With cameras on almost every phone, anyone can feel like a professional photographer. We’ve seen selfies, nature shots, cat pics, and endless plates of food, but what about camera-less photography.
That’s what New Trier Senior Sarah Rose worked on for the Wilmette Arts Guild, in which artists came together to display their best work during Feb. 2-27.
The show featured a wide variety of artwork and honored creativity as well as proficiency. Sarah Rose, who experimented with a unique photographic process, won the Wilmette Arts Guild Senior Scholarship. At this point, she hopes to use the scholarship to attend the School of the Art Institute of Chicago.
Rose won the Scholarship with her artwork “Church Window.” She used a photographic process known as cyanotype and imprinted a pattern of a stained-glass window onto photography paper, hence the name “Church Window.” By placing beads at different spots on the paper during exposure, Rose explained, the exposed areas of the paper left the design. The final product resulted in a two-dimensional cyanotype of the beaded design.
“’Church Window’ was made in memory of a Hawaiian Church destroyed in 2006,” said Rose.
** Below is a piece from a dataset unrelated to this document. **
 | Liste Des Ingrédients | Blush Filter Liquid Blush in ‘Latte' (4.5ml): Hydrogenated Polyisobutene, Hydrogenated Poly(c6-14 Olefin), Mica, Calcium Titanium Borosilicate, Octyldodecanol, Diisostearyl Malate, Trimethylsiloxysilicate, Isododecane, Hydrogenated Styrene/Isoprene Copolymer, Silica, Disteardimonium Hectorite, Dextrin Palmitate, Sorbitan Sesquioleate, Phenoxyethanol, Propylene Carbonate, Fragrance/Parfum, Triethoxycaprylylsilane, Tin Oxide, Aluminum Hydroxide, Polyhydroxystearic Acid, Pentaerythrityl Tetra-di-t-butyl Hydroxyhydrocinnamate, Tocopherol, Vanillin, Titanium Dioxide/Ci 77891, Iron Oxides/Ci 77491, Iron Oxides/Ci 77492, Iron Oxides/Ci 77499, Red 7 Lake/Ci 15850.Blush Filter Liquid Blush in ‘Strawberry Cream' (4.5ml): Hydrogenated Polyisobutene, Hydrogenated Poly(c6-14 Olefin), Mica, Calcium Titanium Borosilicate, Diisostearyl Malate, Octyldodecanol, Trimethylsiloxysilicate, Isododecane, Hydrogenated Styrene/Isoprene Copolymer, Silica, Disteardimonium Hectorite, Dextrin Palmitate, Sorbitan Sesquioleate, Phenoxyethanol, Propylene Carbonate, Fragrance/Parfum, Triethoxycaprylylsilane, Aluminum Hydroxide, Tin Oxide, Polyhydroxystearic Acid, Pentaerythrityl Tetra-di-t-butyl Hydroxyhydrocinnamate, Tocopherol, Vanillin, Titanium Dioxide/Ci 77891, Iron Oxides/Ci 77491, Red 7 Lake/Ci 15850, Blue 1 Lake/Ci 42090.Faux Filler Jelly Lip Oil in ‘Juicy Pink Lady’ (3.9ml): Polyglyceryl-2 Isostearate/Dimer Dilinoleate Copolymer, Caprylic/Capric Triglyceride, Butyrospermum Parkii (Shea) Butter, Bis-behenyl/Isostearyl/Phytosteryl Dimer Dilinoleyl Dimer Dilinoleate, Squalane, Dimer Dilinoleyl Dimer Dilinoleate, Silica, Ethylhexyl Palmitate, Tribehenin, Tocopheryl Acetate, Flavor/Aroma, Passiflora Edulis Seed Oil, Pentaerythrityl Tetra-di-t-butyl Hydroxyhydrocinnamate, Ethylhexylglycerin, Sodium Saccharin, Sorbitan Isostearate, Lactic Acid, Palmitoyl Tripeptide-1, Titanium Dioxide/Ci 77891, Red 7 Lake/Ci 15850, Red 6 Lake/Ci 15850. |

The senior has been taking photography classes since seventh grade, and so she took more creative liberties in this project.
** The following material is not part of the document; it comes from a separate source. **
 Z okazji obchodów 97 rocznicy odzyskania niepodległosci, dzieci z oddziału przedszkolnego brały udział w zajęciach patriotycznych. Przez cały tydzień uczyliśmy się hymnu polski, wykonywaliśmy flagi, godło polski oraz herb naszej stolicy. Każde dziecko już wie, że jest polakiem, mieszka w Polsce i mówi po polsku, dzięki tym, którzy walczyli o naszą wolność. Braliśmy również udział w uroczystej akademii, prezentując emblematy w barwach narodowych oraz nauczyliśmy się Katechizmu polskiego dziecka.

After researching the church, she also researched alternative photographic processes in order to best portray “Church Window.” Rose then used New Trier’s darkroom to experiment with unique techniques.
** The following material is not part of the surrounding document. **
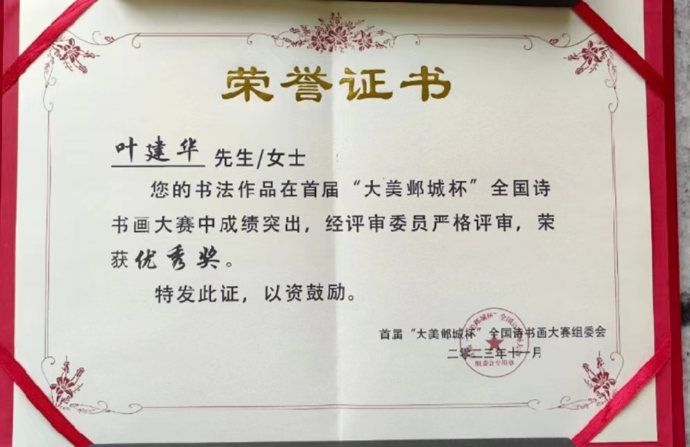 據(jù)了解,此次大賽領導重視、組織有方、效果良好,共收到來自全國各地詩詞、書法、美術作品2000余件,經(jīng)過專家組嚴格評審,共選出一等獎3名,二等獎6名,三等獎12名,優(yōu)秀獎100名,入圍500件。承蒙評委厚愛,我的詩書雙創(chuàng)作品獲得優(yōu)秀獎。2023年11月30日,因頒獎時間與我追星侯德榜采訪活動沖突,非常遺憾未能前往鄴城參加此次頒獎典禮及筆會活動。據(jù)參加此次頒獎典禮的朋友介紹,此次典禮內(nèi)容豐富、熱情周到、不虛此行。我雖身未至,和靳新國代表現(xiàn)代書畫網(wǎng)給武振江主任和組委會發(fā)去賀電表示熱烈祝賀!

She decided to create a cyanotype, which is a photograph that is developed with a distinct blue tint. “Church Window” is similar to a photogram, except she coated watercolor paper in light sensitive chemicals rather than using photo print paper.
Rose commented, “I like to be as hands on as possible, because that adds more of my personal touch and allows me to be even more immersed in my work.”
Making a Cyanotype requires most of the work to be completed in a darkroom. Even though Rose never used a camera, the cyanotype was still developed similarly to camera film. In both cases, unwanted light ruins the art, and they are developed through chemical processes.
However, cyanotype has a complicated development process that can produce more abstract photography, and Rose took advantage of it to best capture her vision for “Church Window.”
“I mixed two chemicals and coated different kinds of paper to test the results,” said Rose, who used water color paper for her cyanotype.
“My process can take a long time, but at the end of making a successful print, I have taken a worthwhile journey.”